Figure 5 demonstrates the process of generating an inheritance tree class diagram:

  1. Open and press F4 to show the class hierarchy.
  2. Select each class and add it to the class diagram.
  3. Review the completed diagram on the right.
Figure 5. A mechanism to generate an inheritance tree class diagram
Shows steps and result

The class diagram is generated with the Rational Software Architect default format. There are several useful modifications that you can make to the visual representation of the diagram. For example, you can modify the connections routing style to use the tree style routing, and you can right-click in the workspace to bring up a context menu and then click Arrange all. The class diagram now looks much better than the one automatically generated, as Figure 6 shows.

Figure 6. Inheritance tree diagram with attributes and the tree style routing connections
New hierarchy

The classes in Figure 6 show both attributes and operations. The benefit of showing the attributes and operations is that you can study the common states and behaviours further to discover what has been implemented in the existing system for reuse.

Generate a high-level UML class diagram

Rational Software Architect enables you to generate class diagrams by selecting multiple Java files from a Java project:

  1. In the Model Explorer, use Visualize to add them to a new diagram or the current class diagram.

If multiple classes have been added in the current diagram, then the relationships among these classes are also shown.

Figure 7 is an example of a class diagram that was automatically generated from the Java code in a package.

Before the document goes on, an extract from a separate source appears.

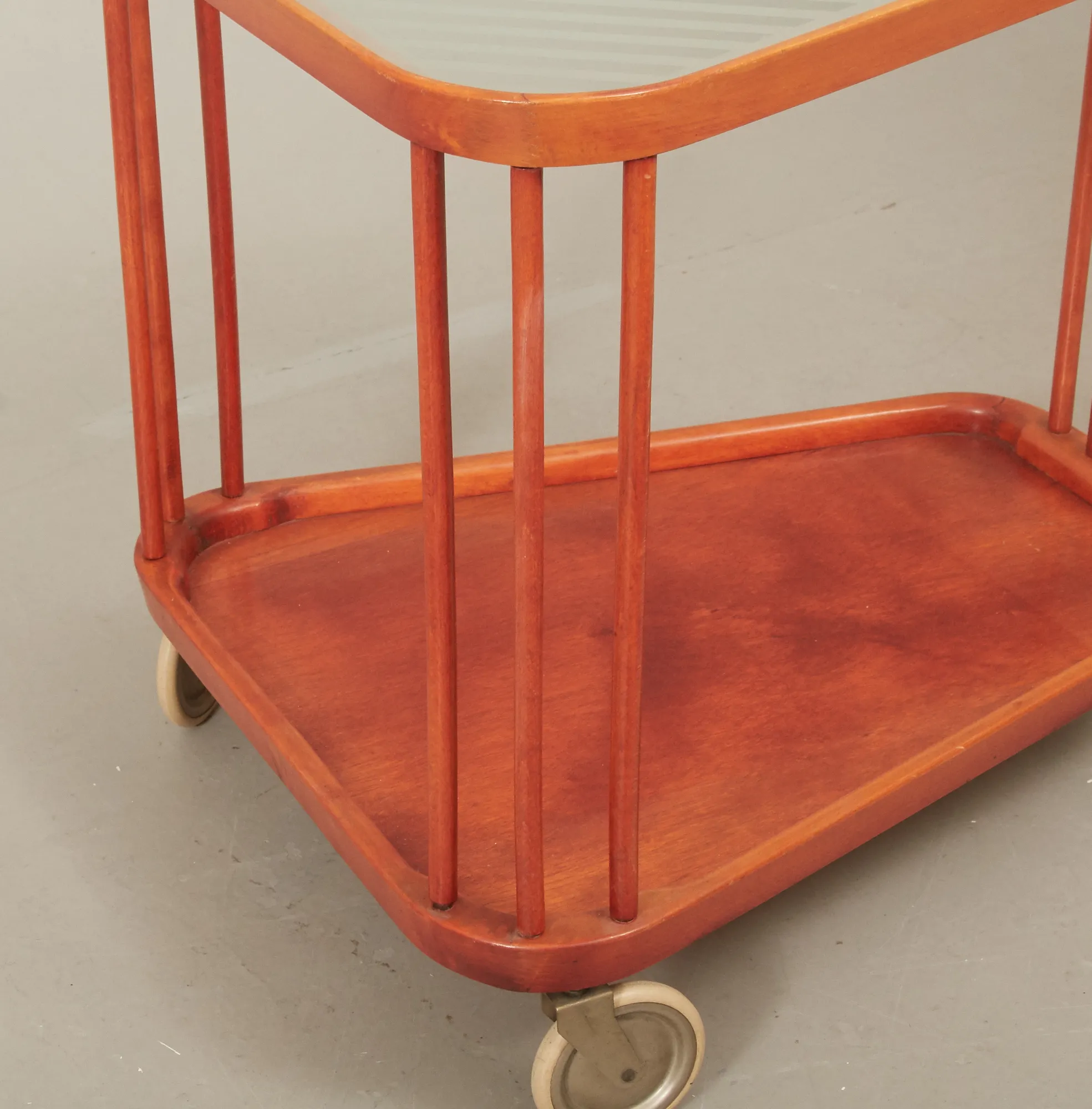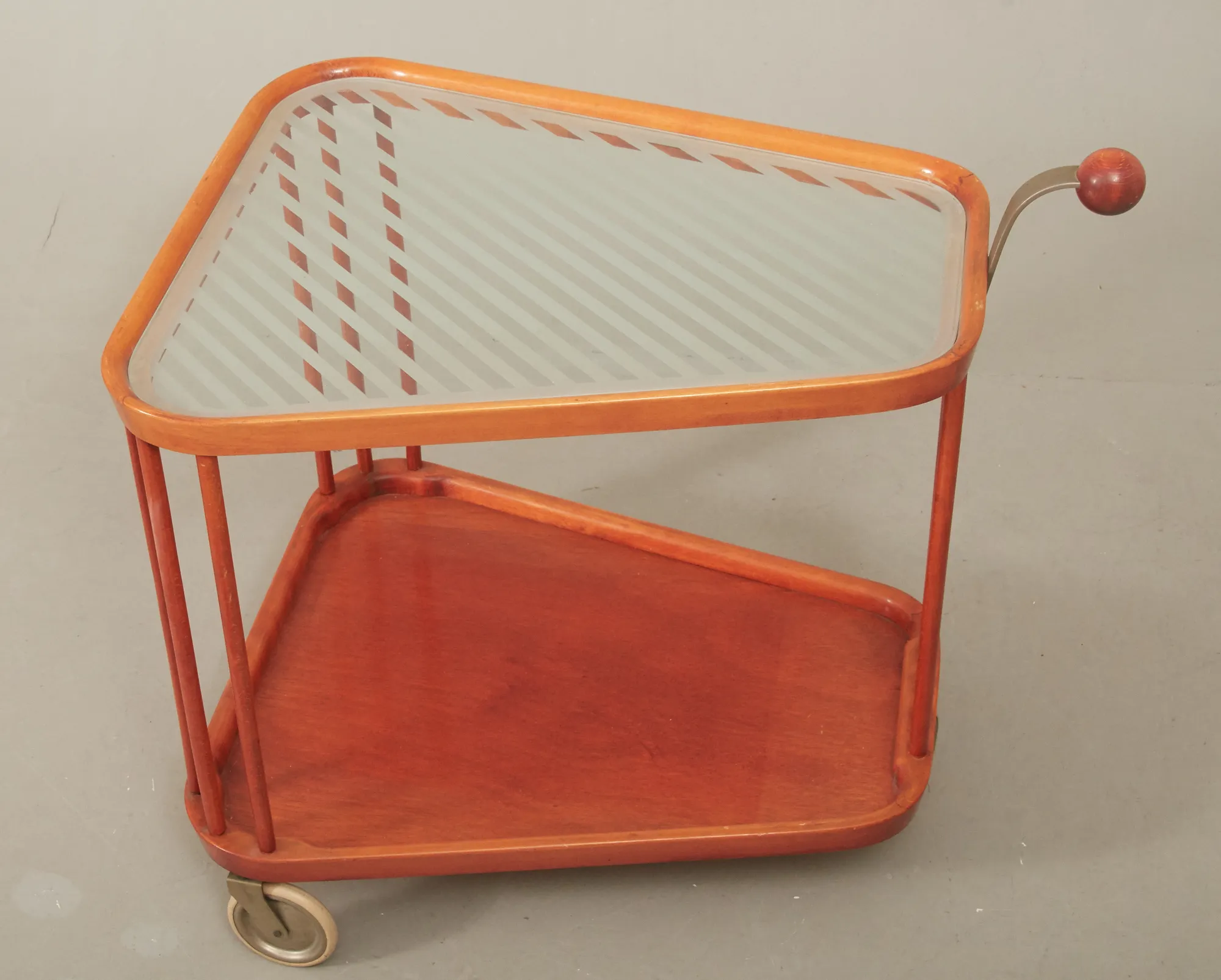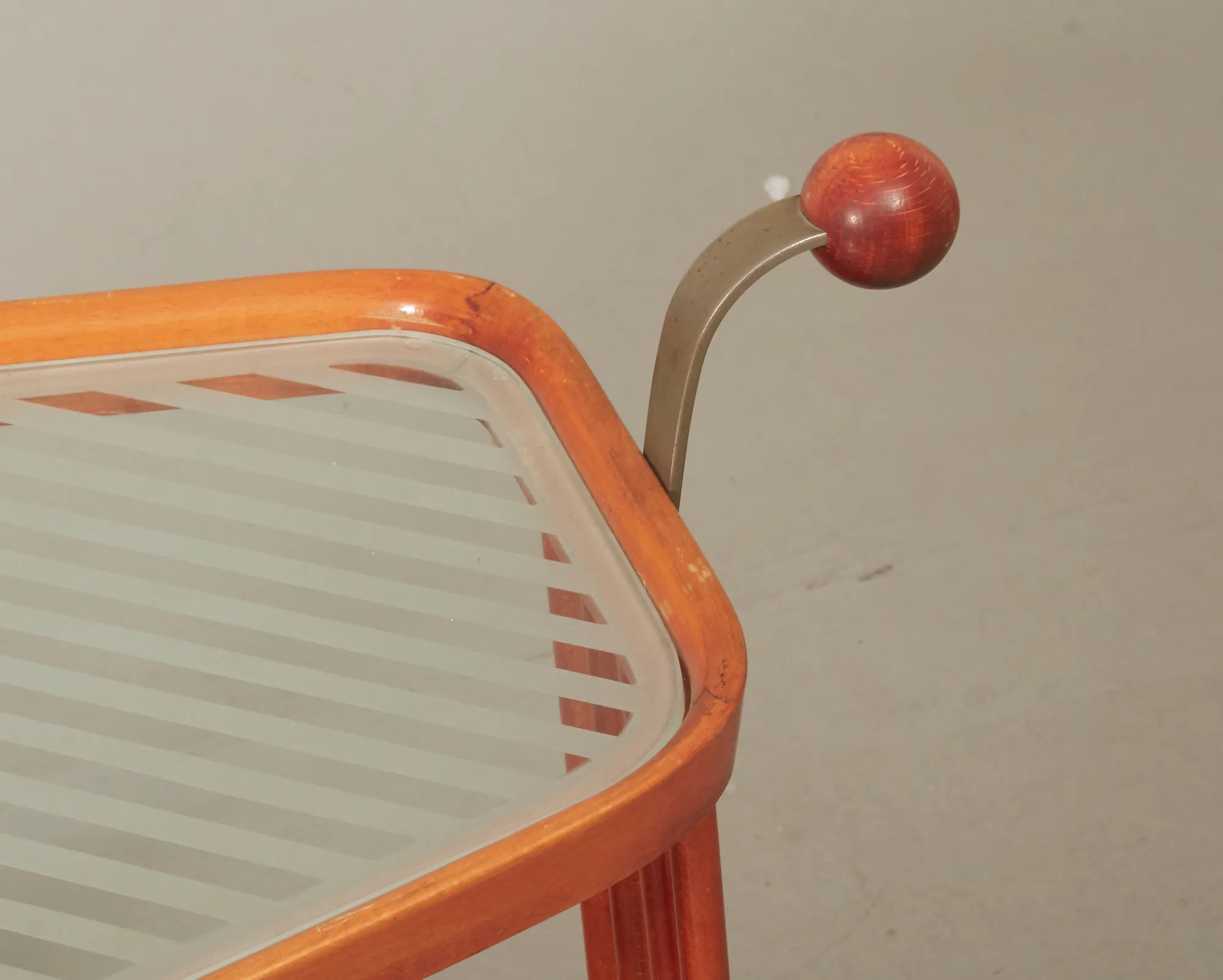 1940-tal, modell 879, mahognybetsat trä, skiva med randig dekor av frostat glas, hjulförsedd. 73 x 45 cm, höjd 63 cm. Bruksslitage.

Figure 7. An auto-generated class diagram
Model Explorer view on R, classdiagram2.dnx on R

As Figure 7 shows, you can select multiple Java files from the Model Explorer to visualize them in a new class diagram. If you want to add more classes, you can select more Java source code to visualize in the current class diagram. This diagram shows the classes included in the project and their basic relationships. It is useful to automatically discover the UML classes in the project, but the auto-discovered relationships are less useful here.

In Figure 7, almost every relationship is a use apart from the inheritance. The use relationship is too general to give useful design information. The more specific relationships of aggregation and composition are hidden, even when all of the relationships are turned on for this diagram. The aggregation is represented as one-to-many relationships when a class contains many items of another class, and the composition is used for describing a one-to-one relationship when a class contains only one instance of another class. This high-level abstraction represents more accurate relationships among the classes and provides useful information for the implementation of this design. This class diagram is not useful without the details of the abstract relationships.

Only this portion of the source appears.